Mother of all things beautiful, blameless,
Mother of hopes that her strength makes tameless,
Where the voices of grief and of battle are dumb,
And the whole world laughs with the light of her mirth. (63-64)

        Here the narrator is fleeing "men" and the world they have created and moving toward the arms of his "mother," the earth. The way world and earth are polarized in this poem into evil, mechanized logos (the archetypal masculine) and good, fertile eros (the archetypal feminine) is extremely black and white. When we leave the city we are also leaving Tartarus, or Lampman's version of it, and falling into an embrace with "all things beautiful." That which is worldly is masculinized and villainized; that which is earthly is feminized and glorified.
        In a very important sense, Atwood draws upon this conventional dichotomy to present the dilemma of her surfacer. The young woman's problem seems to have been that she relied too thoroughly on her powers of rationalization (which she associates with her dead father) and too little on inarticulate, intuitive feeling (which she associates with her dead mother). To put it in Jungian terms, the archetypal masculine within her (logos, the horned god) has held sway over the feminine (eros, the woman with the round-moon stomach). In this novel, as in much of Canadian literature, logos is associated with the sun, eros with the moon. When the surfacer conceives her child, eros returns with a vengeance, and with it, the rhetoric of geopiety. The sun sets and the moon rises (161-62). The woman's feelings for other creatures surface. She feels respon-sible toward them and therefore toward the place that they come from.
        Like almost all of her counterparts in Canadian literature, from Susanna Moodie onward, she returns to so-called reality. She cannot retain her own version of a nature-girl/animal-victim and remain alive, so she puts on her human wrappings and, equipped with a new vision which I would call geopious, she re-enters her own time. This new vision has come about through an act of propitiation. In a state of necessary healing insanity, she has re-invoked her parents in order to atone for separation from them and from all the things that mattered to her. Her parents become phys-ical incarnations of the gods. They are, after all, her source of life, her connection to the cosmic sources of life.

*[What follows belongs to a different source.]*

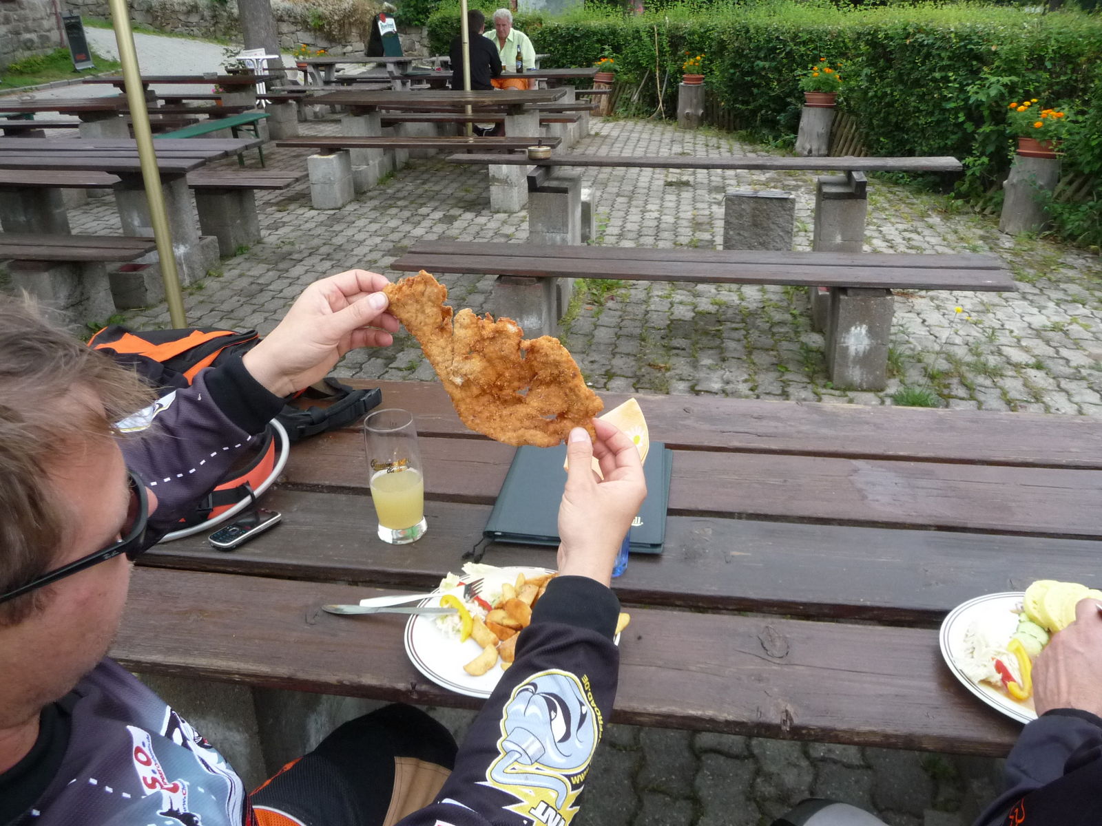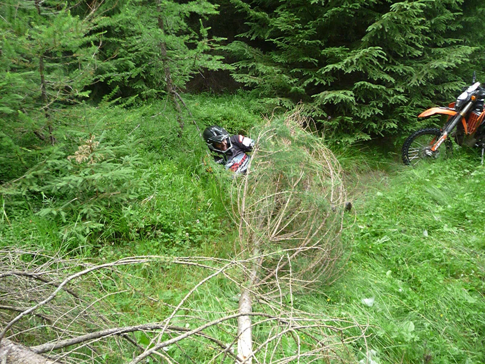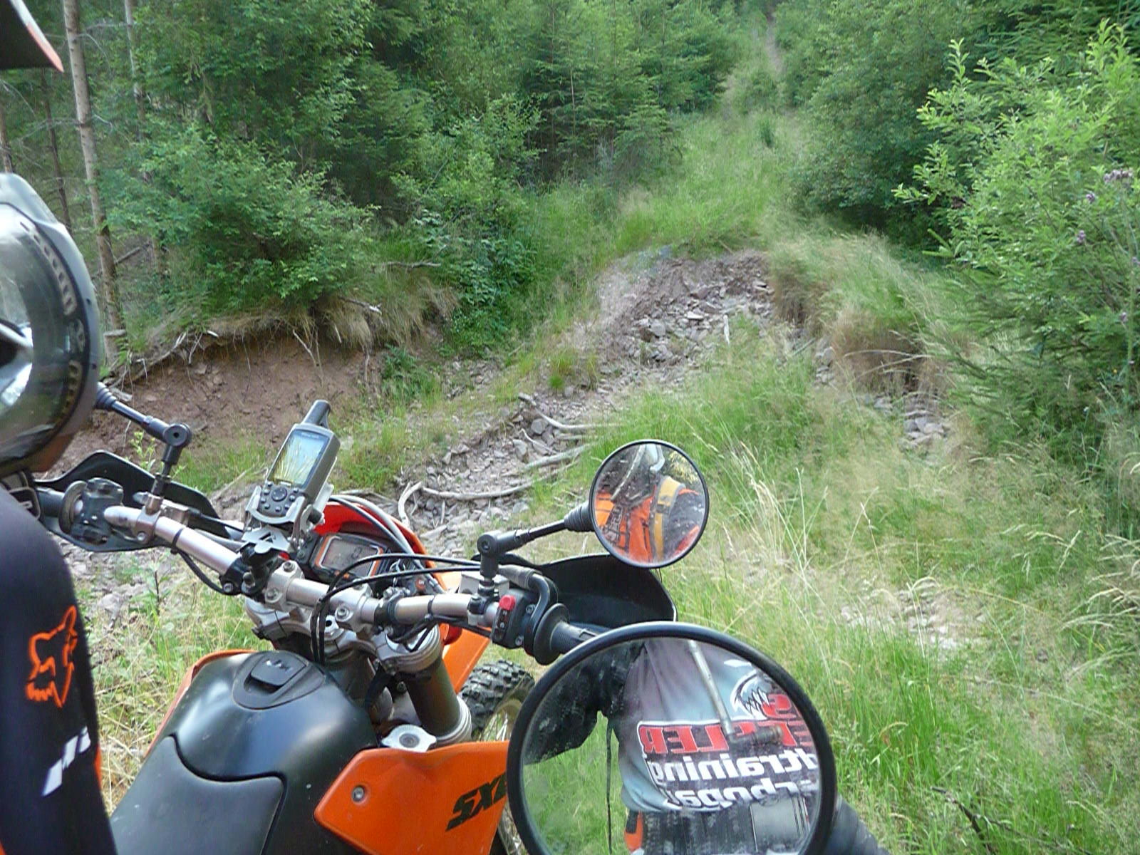 Mittwoch -wir beschließen die gestrige ausgelassene Tour stücke rückwärts zu fahren und nehmen noch bei Probstzella einiges Steilauffahrten - Mittag bei 34 Grad- der Erste Forstarbeiter der uns seines Waldes verweißt und über Land ohne Lotze zu treffen nach Middle East .Schöne neue anfahrt zur Waldschänke .

        Whether one categorizes them as mothers vs. men, eros vs. logos, earth vs. world, or nature vs. civilization, these distinct and separate versions of our place are at war in Canadian literature. Dennis Lee describes it as follows:

Viewed from the vantage-point of world, there is nothing but world. The bullets, bulldozers, mental structures, rigid moral assumptions and will to power which define the stance of the world...are infinitely extensible. Everything on earth is already coloured, charged, configured by the lines of force of world. To be sure, there is still a great deal of raw material strewn about, most of it recalcitrant. But it is all there to be processed into world....Yet at the same time, viewed from the vantage-point of earth, there is nothing but earth. A man is himself flesh and blood. Buildings, bodies, brainwaves--everything of world is wholly continuous with the substance of earth. World may be a special case of earth, but it is not in principle different from it. Earth sets about reclaiming its aberrant, hubris-driven civil offspring with an implacable calm, for all the world is earth. The victory is assured.... Everything that is, is world; everything that is, is earth. Yet at the same time world and earth are trying to destroy each other. (7-8)

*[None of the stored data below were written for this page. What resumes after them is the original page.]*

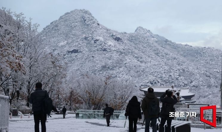 서울 전역에 많은 눈이 내린 27일 서울 종로구 북악산이 하얗게 내린 눈으로 덮히자 출근길 직장인들이 휴대폰에 풍경을 담고 있다.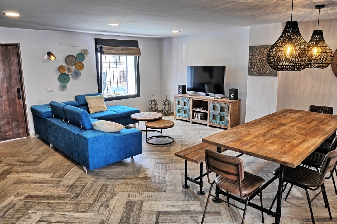 Newly renovated house situated on the Balcon de Europa! Fantastic first location for those who wish to stay in the center of all that Nerja has to offer. The house is located between two beaches within walking distance of 5 minutes. You live in the center of Nerja, in a side street about five minutes away from restaurants and bars. Here you have it all! The property has a total of 90 m2 which is located on the first floor, with terrace of 75 m2 overlooking the sea
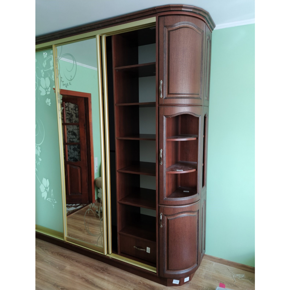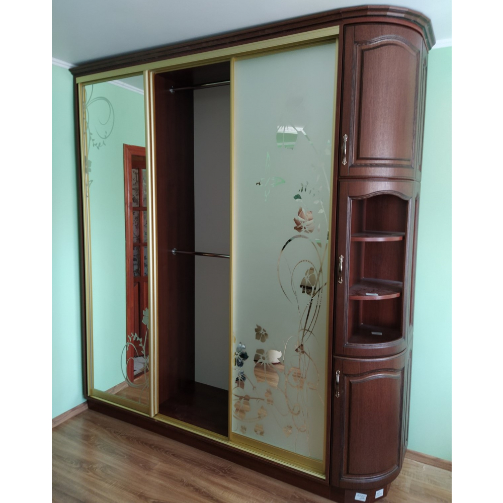 Шафа-купе з кутовим закінченням.Двері - дзеркало з піскоматуванням.Розмір: Індивідуально.Колір розсувної системи - Золото.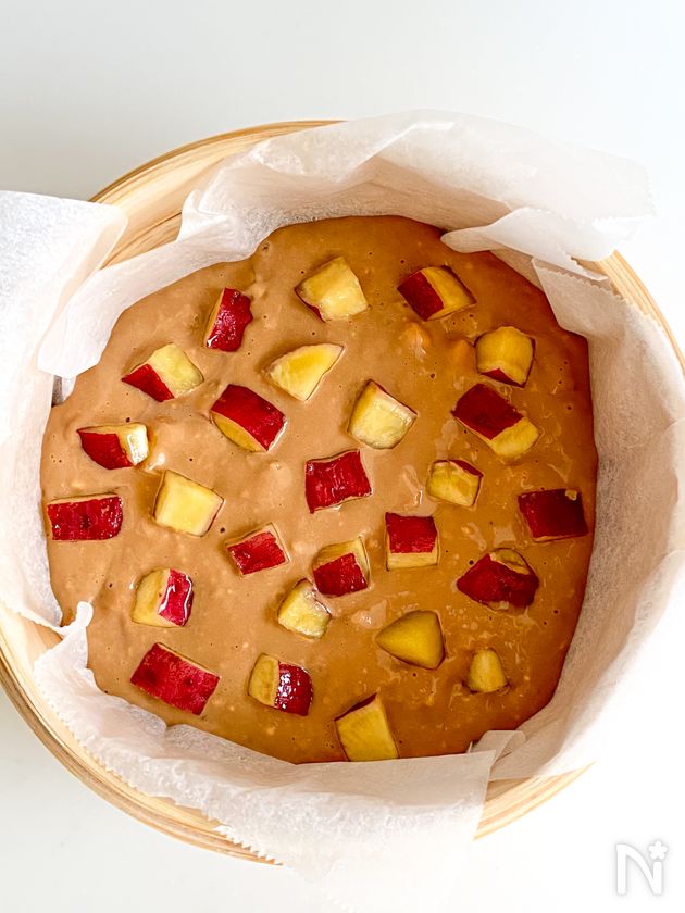 (5) せいろに生地を流し、さつまいも(残り)をトッピングして、蒸気の上がった鍋にのせて強火で15~18分加熱する。

        In Surfacing, the earthly feminine must temporarily assert itself over the worldly masculine before a harmony between the two (the Mother and the Father) can be restored in the surfacer's psyche. Consistent with this assertion of the feminine in the mind of the surfacer is a vigilant, passionate love of nature. Going, then, from Surfacing to Hugh MacLennan's Each Man's Son is not such a big leap.                             MacLennan's novel is about Daniel Ainslie, a physician who, in his quest for psychic wholeness, must learn to admire his father less and love his mother more. As in the case of Surfacing's protagonist, this psychic readjustment is complicated by the fact that both his parents are dead. And like Surfacing, this novel is also about people's attachment to place. The place is Cape Breton, and men love it as though it were a woman. The novel begins as follows: "Continents are much alike, and a man can no more love a continent than he can love a hundred million people. But all the islands of the world are different. They are small enough to be known, they are vulnerable, and men come to feel about them as they do about women" (193-94). Three women sustain the woman/island metaphor throughout this novel: Daniel's wife Margaret, who by name alone is associated with the Margaree Valley, the idyllic home of Daniel's youth; Daniel's mother, who lived and died on the island; and Mollie MacNeil, who reminds Daniel of his mother.

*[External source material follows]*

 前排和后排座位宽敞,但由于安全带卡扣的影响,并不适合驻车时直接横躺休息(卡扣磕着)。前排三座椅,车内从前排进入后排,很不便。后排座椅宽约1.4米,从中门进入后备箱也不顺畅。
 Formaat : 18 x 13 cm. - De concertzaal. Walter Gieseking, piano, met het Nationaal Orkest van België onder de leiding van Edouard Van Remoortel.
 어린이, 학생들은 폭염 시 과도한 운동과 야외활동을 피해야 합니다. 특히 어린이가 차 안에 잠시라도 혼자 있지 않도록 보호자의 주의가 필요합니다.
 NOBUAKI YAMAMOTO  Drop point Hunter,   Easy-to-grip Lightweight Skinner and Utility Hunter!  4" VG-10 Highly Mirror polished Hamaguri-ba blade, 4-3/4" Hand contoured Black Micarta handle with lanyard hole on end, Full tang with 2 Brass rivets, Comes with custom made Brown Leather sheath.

        Daniel Ainslie is the very embodiment of life-denying logos uninformed by and suspicious of the life-affirming wisdom of eros. He must learn some kind of love for his dead mother before he can love either his wife in a meaningful way or the orphan who will become his son. His mentor Dougald MacKenzie tells him, "You would do well to honour your father less and your mother more" (194). As the novel's climax and denouement seem to demonstrate, Daniel succeeds in learning his lesson in love.
        Here, in summary, is what happens at the end of the novel. Mollie's boxer husband comes home. By now he is a punchdrunk ruined man, blind in one eye from too much punishment in the ring. He catches his wife with a lover (Camire, the French revolutionary) murdering them both before falling into a coma himself. This leaves the traumatized little Alan free to be adopted by Margaret and Daniel. The boy cowers from Daniel. Dougald MacKenzie, mentor to the end, assures Daniel that the boy is merely in a state of shock. " 'But I love the boy,' " Ainslie says, and MacKenzie replies, "'Yes, Dan. Now I think you do'" (246).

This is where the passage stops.